If we remove the empty <Content></Content> element as in “Working_16.01.20_copy.icml”, there will be no error.

Steps to reproduce:

  1. Add the icml file to Input List 1.
  2. Go to Utilities → Translation Kit Creation.
  3. Use “XLIFF v2” as the Package Format in “Rainbow Translation Kit Creation”
  4. Let the rest of the configuration as it is (No srx file in segmentation and no Leveraging) and press “Execute”
  5. Remove the document from the input list
  6. Add the manifest.rkm file created from the step 2 into the Input List 1.
  7. Go to Utilities → Tranlation Kit Post-Processing, and Execute.

Comments (18)

  1. Martn Wunderl

    @YvesS @Mihai Nita What do you think of this issue? What would be the priority and are you aware of anyone else having the same problem perhaps?

  2. Mihai Nita

    I know of the icml filter, and I didn’t have to touch that format, ever.

    But I have also tried

    tikal.sh -x -fc okf_icml Not_working_16.01.20_copy.icml
    tikal.sh -m -fc okf_icml Not_working_16.01.20_copy.icml.xlf
    

    And I also got

    [Fatal Error] :1:2760: The element type "CharacterStyleRange" must be terminated by the matching end-tag "</CharacterStyleRange>".
    Error: Error merging from original file
    Error: Error when parsing XML of text unit id='u43e47-2'.
    The element type "CharacterStyleRange" must be terminated by the matching end-tag "</CharacterStyleRange>".
    You can use the -trace option for more details.
    

    Running it with -trace:

    Trace: thread [pool-1-thread-1] started.
    Trace: XMLInputFactory: com.ctc.wstx.stax.WstxInputFactory
    Trace: BOM not found.

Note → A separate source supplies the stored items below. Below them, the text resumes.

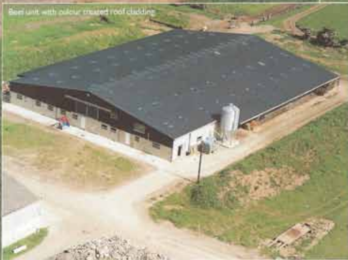
Beef unit with polycarbonate roof cladding.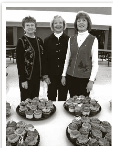
Alumni members welcome new graduates.

were welcomed as alums at a reception sponsored by the Aultman College Alumni Association. Graduates, friends and family enjoyed cupcakes and beverages while celebrating the happiness of the occasion. The December 2009 graduating class have already shown themselves to be dedicated Aultman College alums by raising $500 for the 1892 campaign and adding a leaf to the Giving Tree.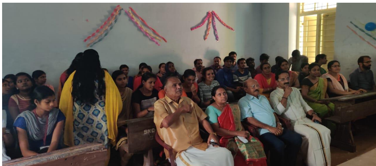
Participants of “Alumni Meet – 2019”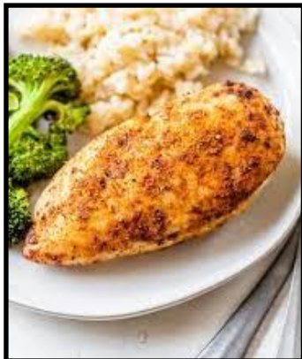
Try chicken breast in the air fryer!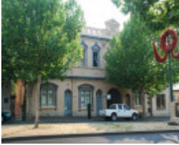
BENDIGO TEMPERANCE HALL SOHE 2008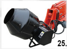
25. Concrete Mixer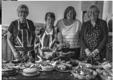
And the lovely ladies who made and served the cakes!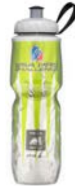
Green Sprinter Jersey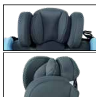
Head additional cushion (top), View of Mounting (bottom)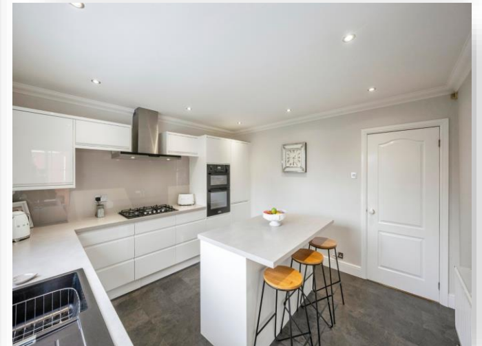
Riverdale Church Street, Mexborough S64 0HH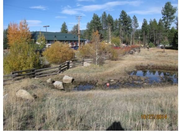
Existing Osgood SEZ area

Retrofit of the existing undersized Osgood basin to reduce fine sediment particles and nutrients in a high-priority, directly-connected catchment that discharges directly into the Ski Run Marina. Expansion of the basin to the east would require a higher berm, and proportionally larger footprint to overcome the challenges with the high groundwater table onsite. Alternative options may include a bypass to the Wildwood basins that would provide additional treatment once the the capacity of the currently undersized Osgood basin is exceeded. This project has been incorporated in the Upper Bijou Park Creek Project (EIP #01.01.01.0184).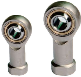
Table for universal joint and cylinder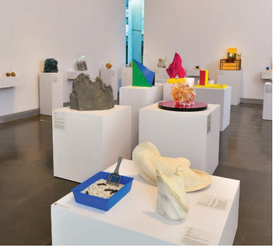
2023 Deakin University Contemporary Small Sculpture Award installation view, Deakin University Art Gallery, August 2023, image © copyright and courtesy of the artists, photo Simon Peter Fox.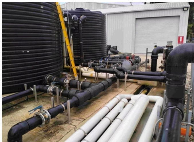
Water production line at NUC

The Nauru Utilities Corporation is producing power at an optimal level, averaging 3.6 million kilowatt hours per month, while consumer demand peaks at 6.3 megawatts, Minister Reagan Aliklik said at the 25 July Parliament sitting.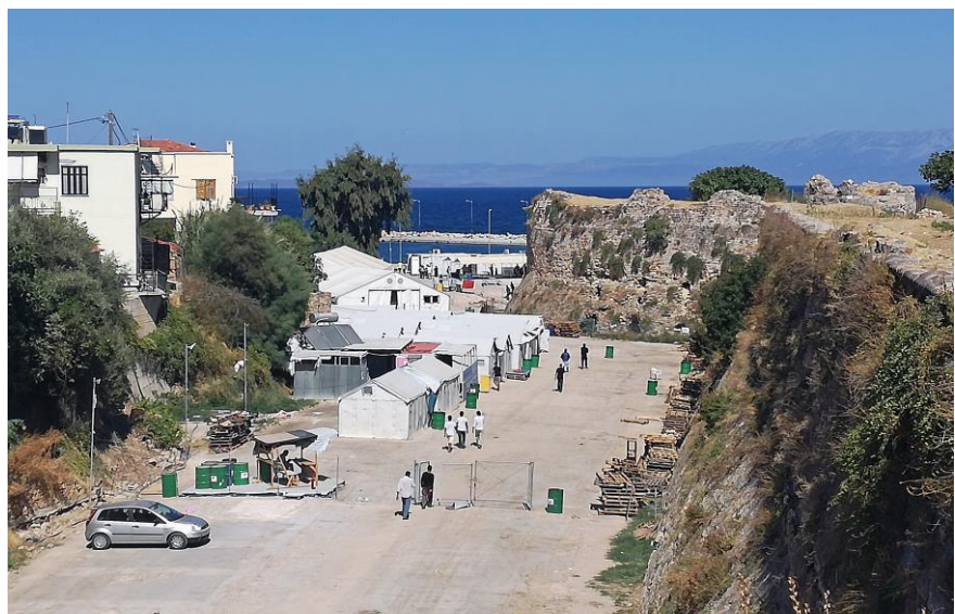
UNHCR supported continuing efforts of Chios Municipality to responsibly close the Souda site.

1 Islands Unit in Athens 1 Sub Office on Lesvos 5 Field Offices on Chios, Samos, Kos, Leros and Rhodes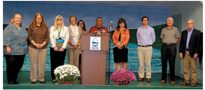
On hand to receive Small Grant awards were Highlands Nature Friends, Rockaway Borough Conservation Alliance, Ramapough Conservancy, Friends of the Musconetcong, Coalition Against Pilgrim Pipeline, and the Tewksbury Coalition

Groups were also on hand to receive checks as recipients of our 2017 Small Grants Awards. See caption at upper right for those organizations on hand to accept Small Grants.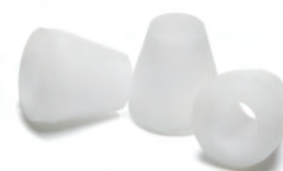
PTFE ferrule, 3.0 F-T, 8001-0803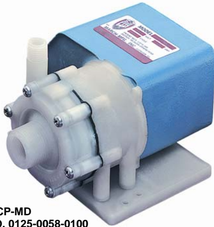
MODEL 2CP-MD ASS'Y. NO. 0125-0058-0100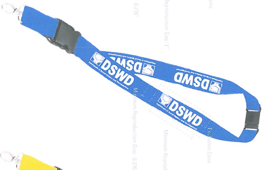
For blue and red lanyards, always use white version of the logo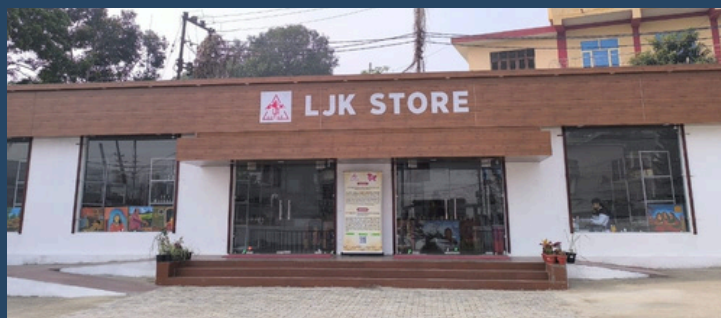
LEAD's LJK Store initiative promoting local products of Ladakh, Jammu & Kashmir. Store hosts more than 200 products from over 50 farmers and producers' group.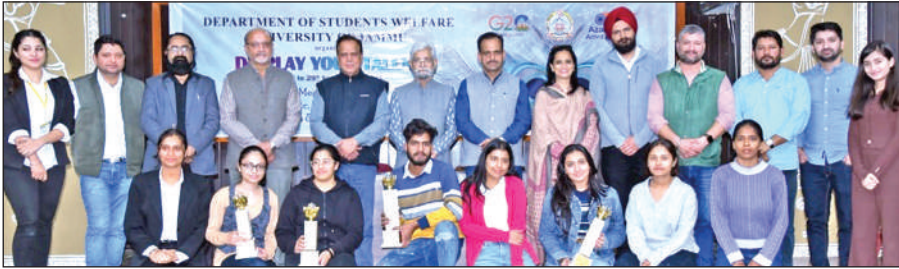
Participants posing for a photograph with dignitaries.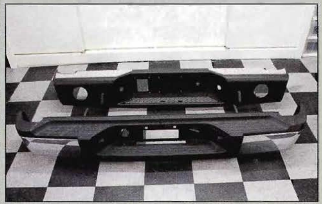
When placed side by side, TrailReady's rear bumper—with its all-steel construction, aluminum diamond-extruded top plate, D-ring, and light ports-makes the DEM look like it should be on a child's toy, not on a heavy-duty truck.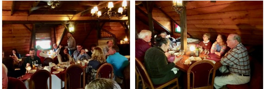
MBCA Central VA holiday party

Thank you to everyone that came to our annual Christmas Holiday party on January 21 th at the Bavarian Chef located in Madison, VA. It was a good day for traveling with warm weather. Once again the Bavarian Chef delivered great (and plentiful) food and a good time for all.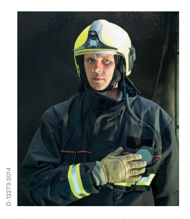
Helmet-mounted communication with robust speech button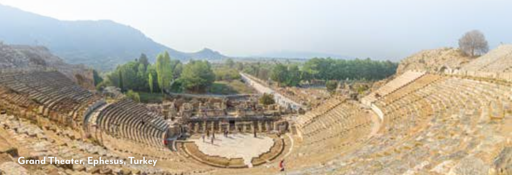
Grand Theater, Ephesus, Turkey

The Roman writer Cicero observed of Athens that “wherever you set your foot, you encounter some memory of the past.” In Greece and Turkey, the stories of antiquity come to life. St. John the Apostle is believed to have penned the Book of Revelation on Patmos; the legend of the lost utopian city of Atlantis lives on in Santorini; and it is on these mythological islands that Odysseus sought redemption in the Underworld and where Orpheus retrieved his first love. Walk the Sacred Way of Delos and discover ancient Akrotiri — the “Minoan Pompeii.” Enjoy exclusive cultural enrichments, including a classical concert at the historical Caravanserai building in Kusadasi and a traditional Greek folklore performance on this immersive itinerary.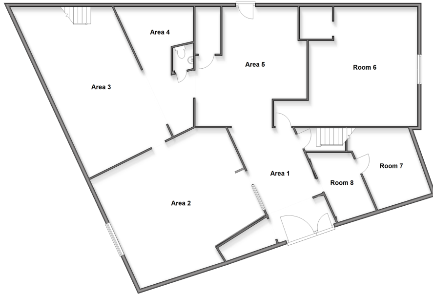
First Floor Approx. 146.9 sq. metres (1581.3 sq. feet)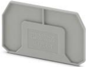
End cover, length: 66.5 mm, width: 2.2 mm, height: 37.9 mm, color: gray

Please be informed that the data shown in this PDF Document is generated from our Online Catalog. Please find the complete data in the user's documentation. Our General Terms of Use for Downloads are valid ( http://phoenixcontact.com/download )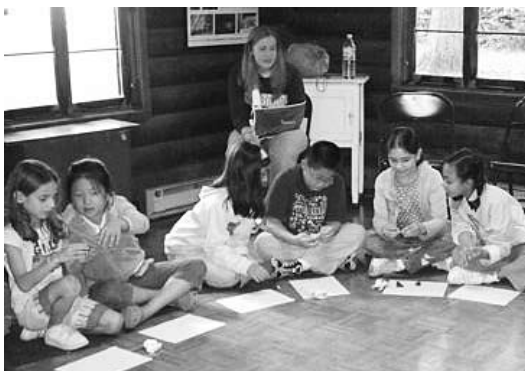
During a unit in which they study the prairie, third grade students visit Lake County Forest Preserves.

Residents are reminded that Board of Education meetings are rebroadcast on Vernon Hills cable, channel 4, at 6:30 p.m. on Wednesdays and 4:00 p.m. on Saturdays following board meetings. Residents who do not receive this channel are welcome to check out videotapes of the meetings from the Educational Services Center.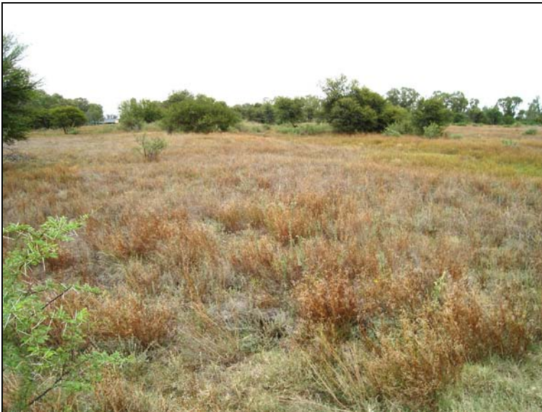
Fig.4 The area proposed for the cultural village and chalets.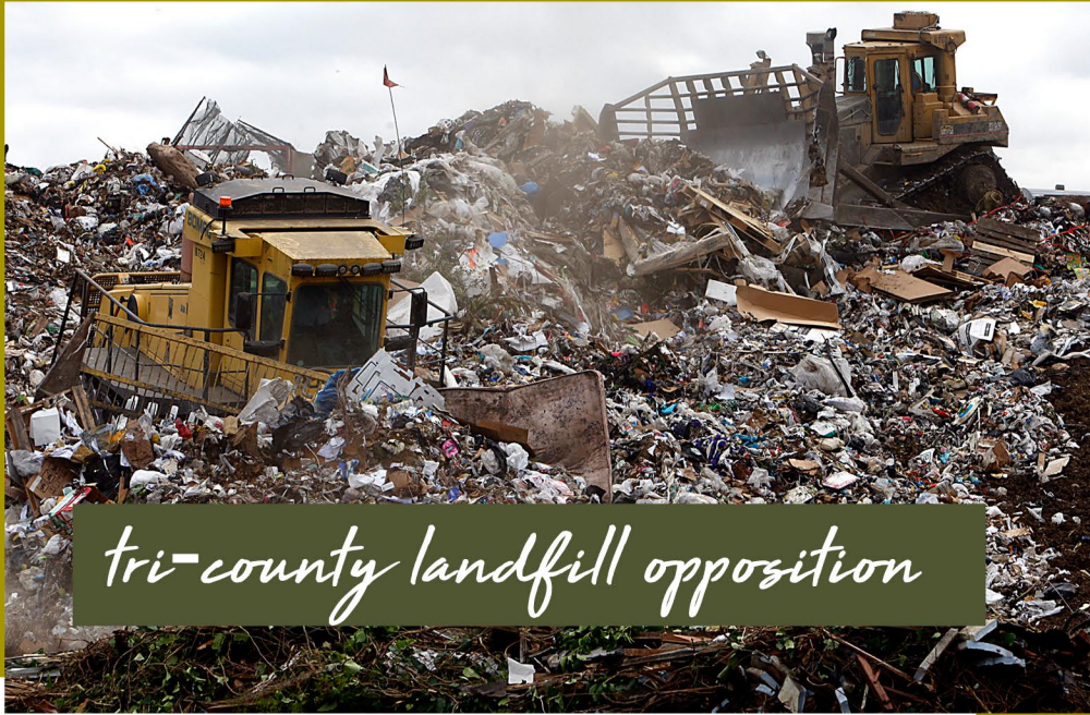
tri-county landfill opposition

CEASRA's longest running endeavor continues to be the opposition to the proposed Tri-County Landfill (TCL) in Mercer County. Tri-County Landfill, and Vogel Holdings, has submitted new landfill plans to Pine and Liberty Townships, as well as the Mercer County Regional Planning Commission. The MCRPC has approved the plans "with conditions." TCL continues to try to submit plans that exceed the PA Commonwealth Court ruling that Tri-County is limited to a 40-foot maximum height restriction. TCL has applied for a new permit and we are vigorously opposing it based upon their documented record of landfill and solid waste violations and economic harm to our community. For example, Vogel's violations included Vogel Holdings, Inc. having to pay $682,500 in penalties (originally 1.2 million). DEP NW Regional Director John Guth said "The penalty reflects the seriousness of the violations committed by the Vogel companies." Some of these violations included transporting illegal gas well wastes, exceeding daily volume limits, failing to control odors and erosion, and leaking garbage trucks.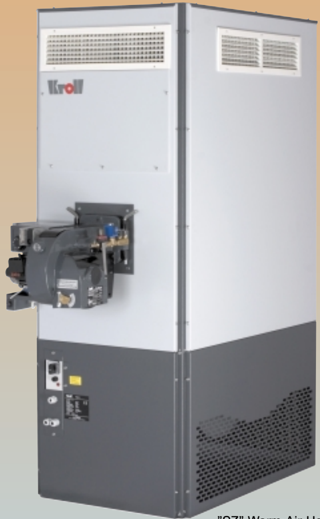
"SZ" Warm Air Heater, without day tank

Now trying to guess document encoding.
    [Fatal Error] :1:2760: The element type "CharacterStyleRange" must be terminated by the matching end-tag "</CharacterStyleRange>".
    Trace: thread [pool-1-thread-1] closed.
    net.sf.okapi.common.exceptions.OkapiMergeException: Error merging from original file
            at net.sf.okapi.lib.merge.step.OriginalDocumentXliffMergerStep$1.produce(OriginalDocumentXliffMergerStep.java:124)
            at net.sf.okapi.lib.merge.step.OriginalDocumentXliffMergerStep$1.produce(OriginalDocumentXliffMergerStep.java:113)
            at net.sf.okapi.common.io.InputStreamFromOutputStream$DataProducer.call(InputStreamFromOutputStream.java:139)
            at java.util.concurrent.FutureTask.run(FutureTask.java:266)
            at java.util.concurrent.ThreadPoolExecutor.runWorker(ThreadPoolExecutor.java:1149)
            at java.util.concurrent.ThreadPoolExecutor$Worker.run(ThreadPoolExecutor.java:624)
            at java.lang.Thread.run(Thread.java:748)
    Caused by: net.sf.okapi.common.exceptions.OkapiIOException: Error when parsing XML of text unit id='u43e47-2'.
    The element type "CharacterStyleRange" must be terminated by the matching end-tag "</CharacterStyleRange>".
            at net.sf.okapi.filters.icml.ICMLFilterWriter.mergeTextUnit(ICMLFilterWriter.java:398)
            at net.sf.okapi.filters.icml.ICMLFilterWriter.processTextUnit(ICMLFilterWriter.java:309)
            at net.sf.okapi.filters.icml.ICMLFilterWriter.handleEvent(ICMLFilterWriter.java:189)
            at net.sf.okapi.lib.merge.merge.SkeletonMergerWriter.processTextUnit(SkeletonMergerWriter.java:240)
            at net.sf.okapi.lib.merge.merge.SkeletonMergerWriter.handleEvent(SkeletonMergerWriter.java:103)
            at net.sf.okapi.lib.merge.step.OriginalDocumentXliffMergerStep$1.produce(OriginalDocumentXliffMergerStep.java:120)
            ... 6 more
    Caused by: org.xml.sax.SAXParseException; lineNumber: 1; columnNumber: 2760; The element type "CharacterStyleRange" must be terminated by the matching end-tag "</CharacterStyleRange>".
            at com.sun.org.apache.xerces.internal.parsers.DOMParser.parse(DOMParser.java:257)
            at com.sun.org.apache.xerces.internal.jaxp.DocumentBuilderImpl.parse(DocumentBuilderImpl.java:339)
            at net.sf.okapi.filters.icml.ICMLFilterWriter.mergeTextUnit(ICMLFilterWriter.java:357)
            ... 11 more
    

    So it is not Rainbow or XLIFF 2 related, seems to be the ICMLFilterWriter merging.

  3. Mihai Nita

    And I’ve found a bug in the process :-)
    The mapping from extension to filter is out of date in Tikal and Rainbow (that’s why I needed to add -fc okf_icml)

  4. Martn Wunderl

    Thanks a lot for taking a look at this, Mihai.

    @Rajendra Kharbuja Not sure, if you’ll have for this next week, but it might be simple enough to fix, if it’s just the mapping. If there is no time, then we can leave for next sprint.

  5. Demian Klc

    Hi all,

    After some research I’ve found out that there is a bug when the ICMLFilter class processes a Content element: if the element has no child nodes, it will append an opening tag with the string <Content/> , and a closing tag with an empty string (““) to the context (see ICMLContext.addContent() method). Looks like doing this leaves an invalid context structure and produces unexpected results later (like closing incorrect tags or leaving tags without a close tag), resulting in the exception above.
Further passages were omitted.